* _EXTRACTED INFORMATION_:
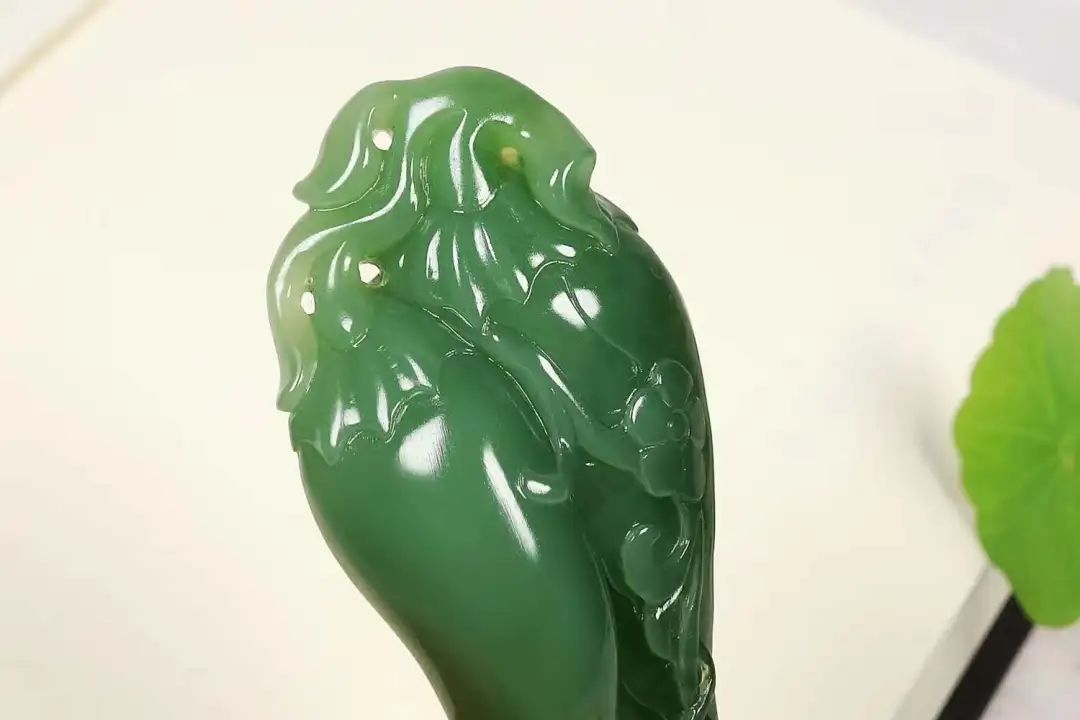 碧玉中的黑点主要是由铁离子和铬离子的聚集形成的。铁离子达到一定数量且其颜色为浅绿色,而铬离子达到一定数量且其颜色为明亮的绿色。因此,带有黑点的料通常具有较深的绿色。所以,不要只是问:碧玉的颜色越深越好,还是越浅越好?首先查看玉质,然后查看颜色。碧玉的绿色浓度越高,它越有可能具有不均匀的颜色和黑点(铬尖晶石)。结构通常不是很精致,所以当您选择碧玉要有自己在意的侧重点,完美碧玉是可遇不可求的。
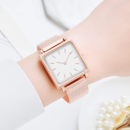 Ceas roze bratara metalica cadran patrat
---
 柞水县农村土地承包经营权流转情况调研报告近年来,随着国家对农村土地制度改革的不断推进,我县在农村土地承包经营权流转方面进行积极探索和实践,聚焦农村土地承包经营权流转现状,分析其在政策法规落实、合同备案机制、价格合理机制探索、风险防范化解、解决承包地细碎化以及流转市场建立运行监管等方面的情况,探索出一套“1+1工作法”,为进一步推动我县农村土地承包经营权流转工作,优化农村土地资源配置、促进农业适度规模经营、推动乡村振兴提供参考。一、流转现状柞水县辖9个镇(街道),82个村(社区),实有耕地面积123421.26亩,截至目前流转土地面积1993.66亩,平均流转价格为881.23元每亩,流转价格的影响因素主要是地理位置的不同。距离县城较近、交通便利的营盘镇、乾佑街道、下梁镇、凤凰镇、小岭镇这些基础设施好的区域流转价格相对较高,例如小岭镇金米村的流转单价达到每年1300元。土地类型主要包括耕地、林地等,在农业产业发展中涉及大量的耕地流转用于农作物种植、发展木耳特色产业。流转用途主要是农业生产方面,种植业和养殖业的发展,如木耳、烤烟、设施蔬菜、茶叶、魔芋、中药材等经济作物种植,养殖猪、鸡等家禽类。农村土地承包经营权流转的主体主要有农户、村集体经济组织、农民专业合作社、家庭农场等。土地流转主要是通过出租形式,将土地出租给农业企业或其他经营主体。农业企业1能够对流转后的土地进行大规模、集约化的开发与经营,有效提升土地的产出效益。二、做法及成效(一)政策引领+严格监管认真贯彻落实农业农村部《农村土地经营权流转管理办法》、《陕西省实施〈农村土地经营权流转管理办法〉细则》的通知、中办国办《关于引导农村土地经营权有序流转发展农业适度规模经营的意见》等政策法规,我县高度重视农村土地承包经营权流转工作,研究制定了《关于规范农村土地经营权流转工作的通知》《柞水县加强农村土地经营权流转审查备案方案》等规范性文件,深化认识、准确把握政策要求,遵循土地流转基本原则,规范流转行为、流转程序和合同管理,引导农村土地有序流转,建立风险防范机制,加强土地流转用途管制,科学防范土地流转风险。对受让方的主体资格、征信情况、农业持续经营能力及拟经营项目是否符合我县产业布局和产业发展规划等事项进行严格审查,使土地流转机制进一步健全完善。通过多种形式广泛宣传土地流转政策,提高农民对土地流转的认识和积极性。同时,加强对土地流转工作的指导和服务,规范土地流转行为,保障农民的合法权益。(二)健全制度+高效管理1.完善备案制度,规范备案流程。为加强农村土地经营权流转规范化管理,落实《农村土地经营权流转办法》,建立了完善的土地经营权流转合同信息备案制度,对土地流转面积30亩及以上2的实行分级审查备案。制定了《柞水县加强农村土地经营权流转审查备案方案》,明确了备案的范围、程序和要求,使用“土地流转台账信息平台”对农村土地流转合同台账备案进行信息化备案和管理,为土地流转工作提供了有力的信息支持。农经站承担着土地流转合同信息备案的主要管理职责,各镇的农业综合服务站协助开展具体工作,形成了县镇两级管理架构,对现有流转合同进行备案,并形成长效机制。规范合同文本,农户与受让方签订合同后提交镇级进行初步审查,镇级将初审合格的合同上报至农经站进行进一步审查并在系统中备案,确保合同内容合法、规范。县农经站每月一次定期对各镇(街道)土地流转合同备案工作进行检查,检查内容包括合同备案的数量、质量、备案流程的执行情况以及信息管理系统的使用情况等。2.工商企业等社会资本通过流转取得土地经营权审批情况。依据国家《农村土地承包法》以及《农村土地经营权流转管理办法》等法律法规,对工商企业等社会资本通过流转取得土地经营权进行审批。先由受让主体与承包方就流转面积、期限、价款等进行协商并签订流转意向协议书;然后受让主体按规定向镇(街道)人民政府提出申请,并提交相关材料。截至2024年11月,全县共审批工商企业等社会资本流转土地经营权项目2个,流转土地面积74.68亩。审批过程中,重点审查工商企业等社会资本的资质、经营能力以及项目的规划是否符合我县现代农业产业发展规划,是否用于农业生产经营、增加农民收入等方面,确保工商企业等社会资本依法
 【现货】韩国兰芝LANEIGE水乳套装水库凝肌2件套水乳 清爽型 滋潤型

* _YOUR OBJECTIVE_: Using the entries above, transcribe exactly from the line that has "碧玉中的黑点主要是由铁离子和" through the line that has "Ceas roze bratara metalica cadran patrat". Pictures are dropped.

* _WRITTEN ANSWER_:
 碧玉中的黑点主要是由铁离子和铬离子的聚集形成的。铁离子达到一定数量且其颜色为浅绿色,而铬离子达到一定数量且其颜色为明亮的绿色。因此,带有黑点的料通常具有较深的绿色。所以,不要只是问:碧玉的颜色越深越好,还是越浅越好?首先查看玉质,然后查看颜色。碧玉的绿色浓度越高,它越有可能具有不均匀的颜色和黑点(铬尖晶石)。结构通常不是很精致,所以当您选择碧玉要有自己在意的侧重点,完美碧玉是可遇不可求的。
 Ceas roze bratara metalica cadran patrat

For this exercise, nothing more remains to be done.